Spicing it up with pebbles

Creating unique art and craft items has always given G S Jayanthi an adrenaline rush. She loves exploring new themes and bases and her passion can be seen in interesting frames, designed with spices and pebbles. Pebble art and spice art, as she fondly calls them, occupy a special place in Jayanthi’s heart.

It was during her visit to a beach in the US when the idea of pebble art came to her mind. “I wasn’t thinking much when I was collecting the flat pebbles there. I just told my friend’s daughter and son-in-law that I wanted some of them and I had a grand collection,” says the costume designer.

Later on, when she returned to the city, she put some designs together. “Before I knew it, some beautiful creations came out of them.” These designs, right from the idea to the final frame, would take only 15 to 20 minutes to create, she says. “I grew up being able to picturise designs in stones and other bases. Thus, ideas come to me just like that. I have pursued art for a long while and I am happy to say that I am inspired on my own,” says Jayanthi.

It could be a piece of wood or a small string that could inspire her to create the designs. “Not always do I have the plan ready. I like to keep my mind open to new ideas. Most of the shapes I have made are human forms or even fishes,” she adds.  She saw some designs on Pinterest after she created her own and has been drawn to create more ever since. “I’m always looking for more pebbles to work with. I have used strings and small twigs to complete the designs, but the pebbles create the frames,” she says.

Spice art, on the other hand, is a more tedious and time-taking process, she says. “The world of spices is as mystical in appearance as it is in terms of aromas and flavours. They have beautiful textures and all of them create a different story each time,” she says.

Jayanthi adds that she experiments with spices like cloves, nutmeg, cinnamon, small chillies, coriander leaves, curry leaves, anise seeds and mustard. “Each of them add to the detailing of the work. I add a spice according to the design that comes to my mind and develop it accordingly.”

Jayanthi works on her art only during the nights. “I do not like to be disturbed at all when I am working on these frames. When I am engaged in spice art, I place all the spices around the paperboard that I am going to work on,” she says. Just as in pebble art, these spices are stuck together to complete the frame. “But what is different here is that I take extra care to keep the spices moisture free. For this, I either leave them in some paperbooks or place them between tissue paper and iron them. I also iron spices like the nutmeg flower to bend it. The best part about working with these spices is that they are easily available and are dried, thus ready to use,” she says.

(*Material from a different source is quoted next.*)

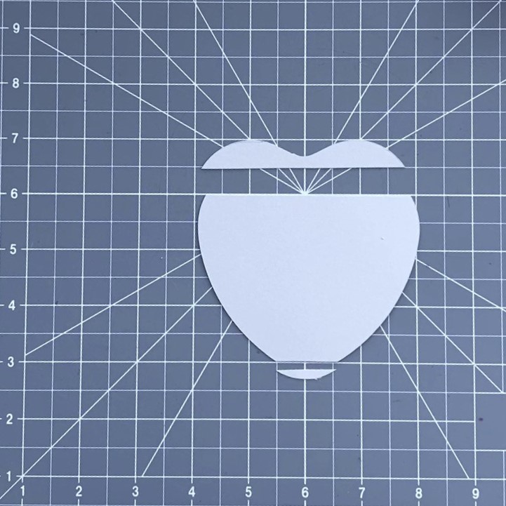 • Use the outside of the smaller heart Gemstone Custom Cutting System Pattern and the Red Blade to cut a heart shape from Beige Solid Cardstock. Trim the top of the heart shape by 1/2” as shown. Cut the bottom to measure 3” height. Trim to round the corners.

It was art with dried flowers and leaves that inspired Jayanthi to take up spice art. “I saw the possibilities with each of these spices and how they could be used to create nature-friendly designs. I especially like the star anise which has a nice and unique flower shape. These spices can inspire any artistic person to create wonderful designs,” she says with a smile.

“Often people are surprised as to how I make time in between my schedule for them, but the fact is that the artworks help me stay calm.” Jayanthi has been appreciated for her talents and often people have requested her to make these frames for them.
“Most people are baffled to see that these works are made of spices. A friend of mine who owns a restaurant has asked me to make a large frame for her and I am looking forward to creating it,” says Jayanthi.